• What the task asks:
All that is wanted is the exact text of the lines below from the one with "Cuchilla de la picadora JF 40P" through the one with "В оформлении приёмной", inclusive, minus any pictures.

• Entries shown:
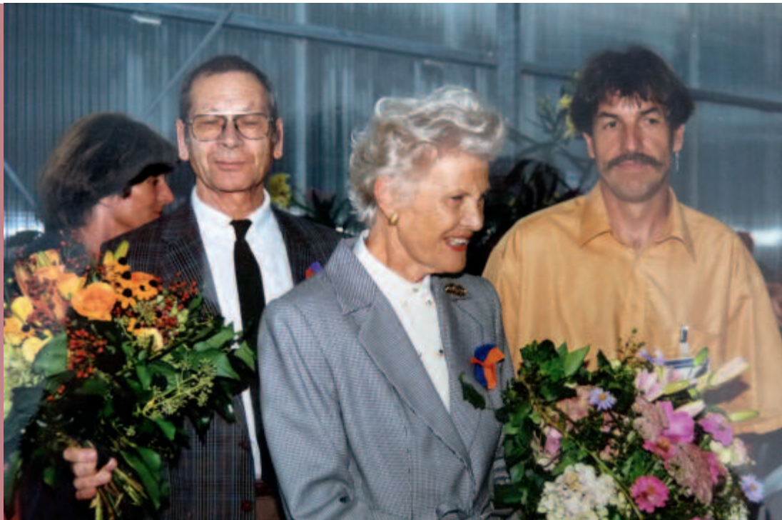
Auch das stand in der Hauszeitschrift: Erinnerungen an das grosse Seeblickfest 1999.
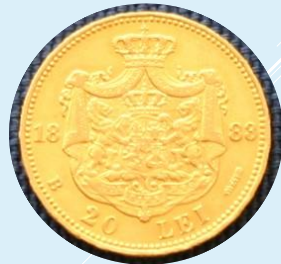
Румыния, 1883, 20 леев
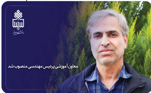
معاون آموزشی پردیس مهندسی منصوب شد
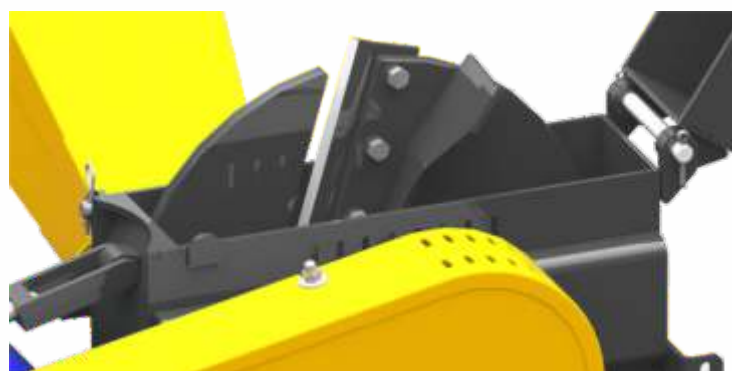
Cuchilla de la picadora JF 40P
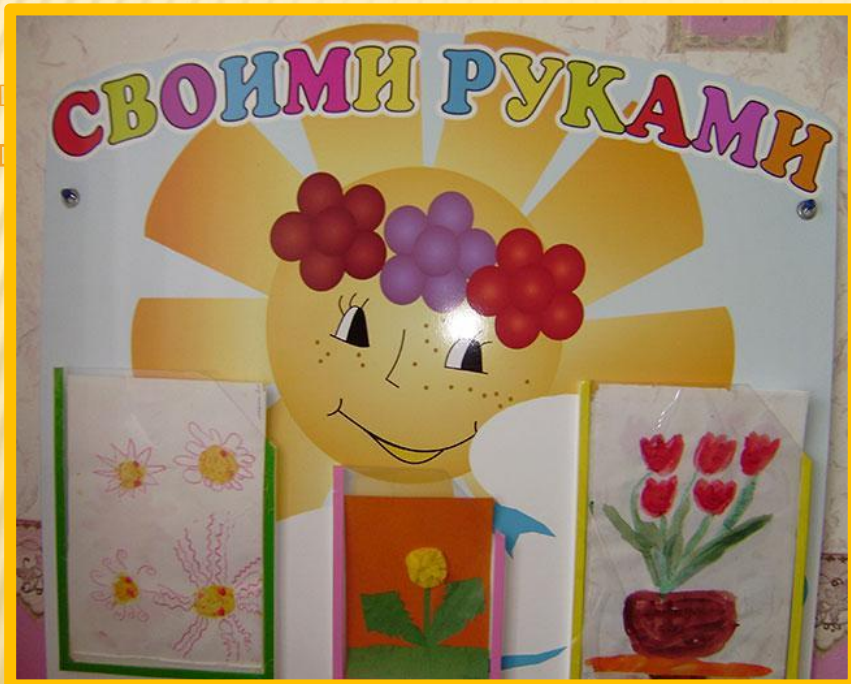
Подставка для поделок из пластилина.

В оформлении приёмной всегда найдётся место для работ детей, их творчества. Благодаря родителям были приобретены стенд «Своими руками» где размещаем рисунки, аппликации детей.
==
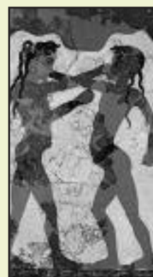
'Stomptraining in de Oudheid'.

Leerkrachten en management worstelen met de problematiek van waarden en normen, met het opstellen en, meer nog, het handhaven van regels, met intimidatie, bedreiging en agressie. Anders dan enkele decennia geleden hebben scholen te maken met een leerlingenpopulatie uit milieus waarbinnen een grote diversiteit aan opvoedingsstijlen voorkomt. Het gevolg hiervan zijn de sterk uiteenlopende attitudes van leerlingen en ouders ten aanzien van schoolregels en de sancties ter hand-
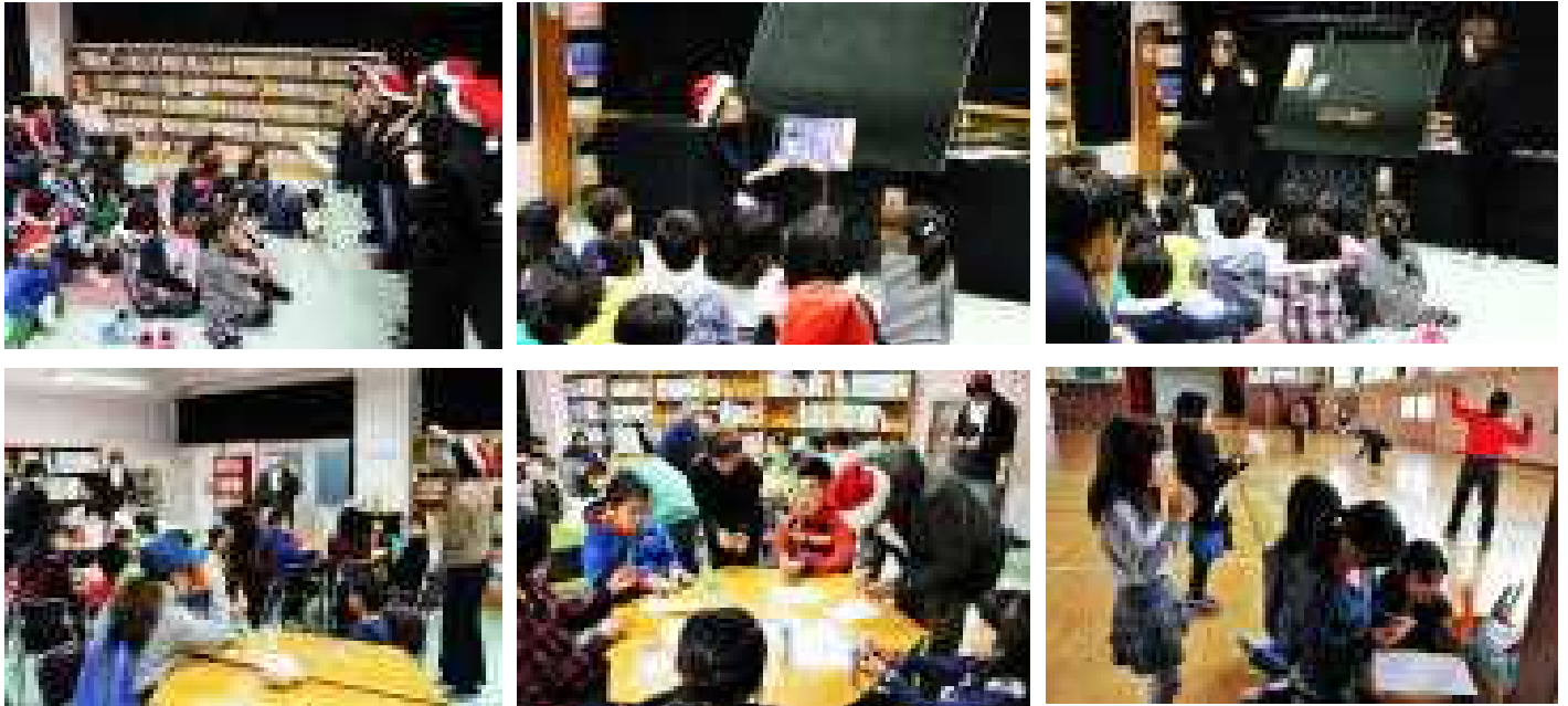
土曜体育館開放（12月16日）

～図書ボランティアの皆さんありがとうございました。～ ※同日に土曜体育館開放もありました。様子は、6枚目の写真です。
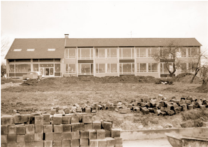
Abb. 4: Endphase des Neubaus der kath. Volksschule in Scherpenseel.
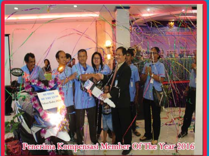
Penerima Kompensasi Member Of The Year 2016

• Answer to the exercise:
Cuchilla de la picadora JF 40P
Подставка для поделок из пластилина.

В оформлении приёмной всегда найдётся место для работ детей, их творчества. Благодаря родителям были приобретены стенд «Своими руками» где размещаем рисунки, аппликации детей.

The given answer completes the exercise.